2017-03-14T11:11:33.161786-07:00 marcslaptop kernel: [ 3555.558599] CPU4: Core temperature above threshold, cpu clock throttled (total events = 328)
These messages indicate that your CPU is overheating. Since it takes a few ms to cool down, most likely turbo boost triggers overheating in your case, just as in mine, and thermald should handle this, although it is not always successful. -- Regards, Peter -- To unsubscribe, e-mail: opensuse+unsubscribe@opensuse.org To contact the owner, e-mail: opensuse+owner@opensuse.org
On 2017-03-14 21:44, Marc Chamberlin wrote:
I took a look at messages log file and this is a snapshot of what gets repeated a lot, and taking a guess this may contain the answer to your questions. Sorry it is rather a lot of info to grok and I hope it does not violate forum protocol to post so much noise. :-D HTHs Marc...
It seems that CPU overheats, and the kernel throttles the CPU down. But within a second it says that the temperature is back to normal, and throttling is disabled. Makes no sense. Somewhere it also says that it is preparing an email. -- Cheers / Saludos, Carlos E. R. (from 42.2 x86_64 "Malachite" (Minas Tirith))

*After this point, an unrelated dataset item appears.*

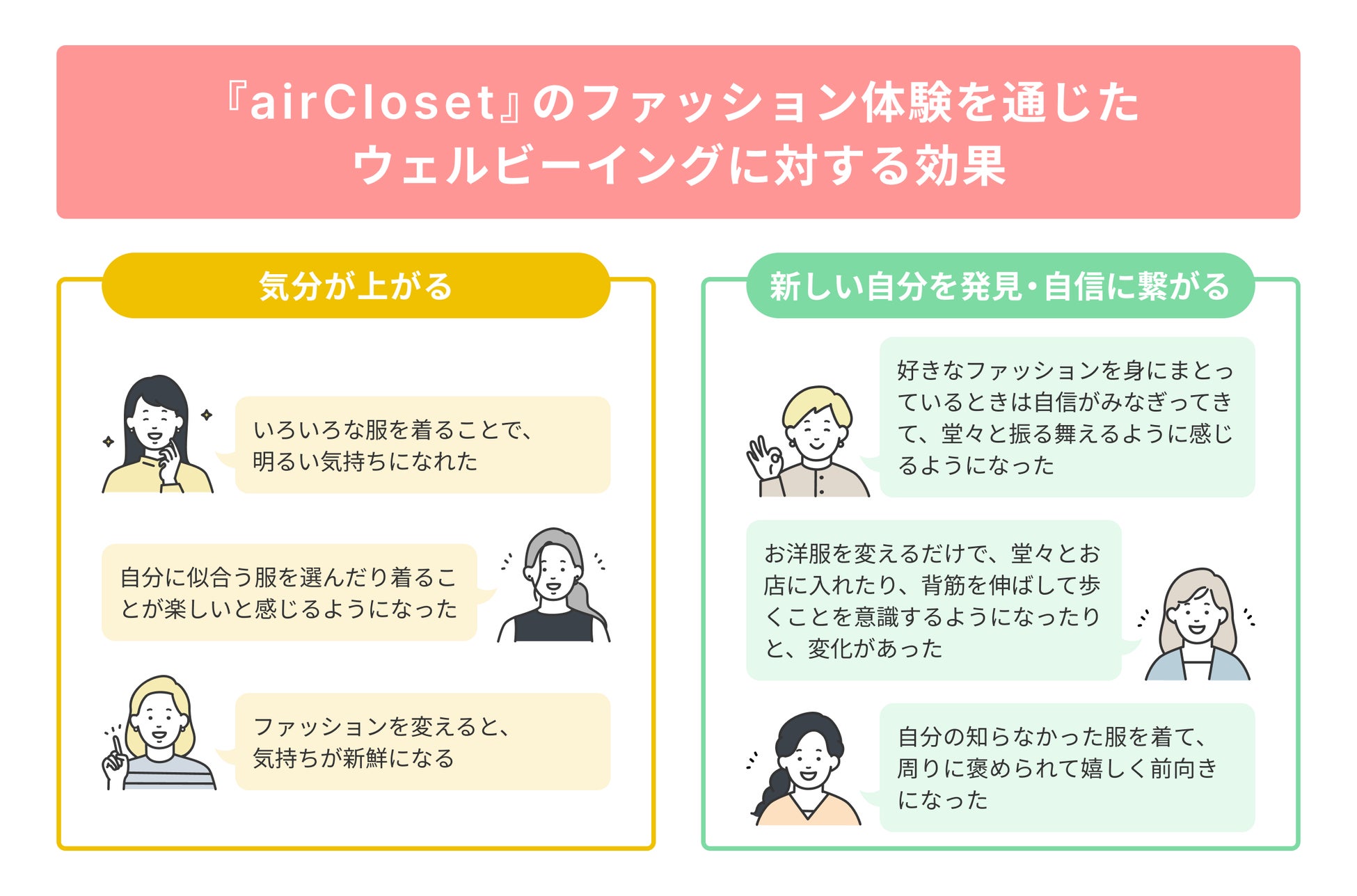 本プロジェクトを通して『airCloset』は、コスト・タイムパフォーマンスの高いサービスとしてだけでなく、心理的な面からもお客様の日々の生活を豊かにすることに貢献できていることが科学的に実証されました。今後も、様々なシーンで「ワクワクするファッションとの出会い」の体験を提供し続けていきます。

On 03/14/2017 02:43 PM, Carlos E. R. wrote:
On 2017-03-14 21:44, Marc Chamberlin wrote:
I took a look at messages log file and this is a snapshot of what gets repeated a lot, and taking a guess this may contain the answer to your questions. Sorry it is rather a lot of info to grok and I hope it does not violate forum protocol to post so much noise. :-D HTHs Marc... It seems that CPU overheats, and the kernel throttles the CPU down. But within a second it says that the temperature is back to normal, and throttling is disabled. Makes no sense.
Somewhere it also says that it is preparing an email.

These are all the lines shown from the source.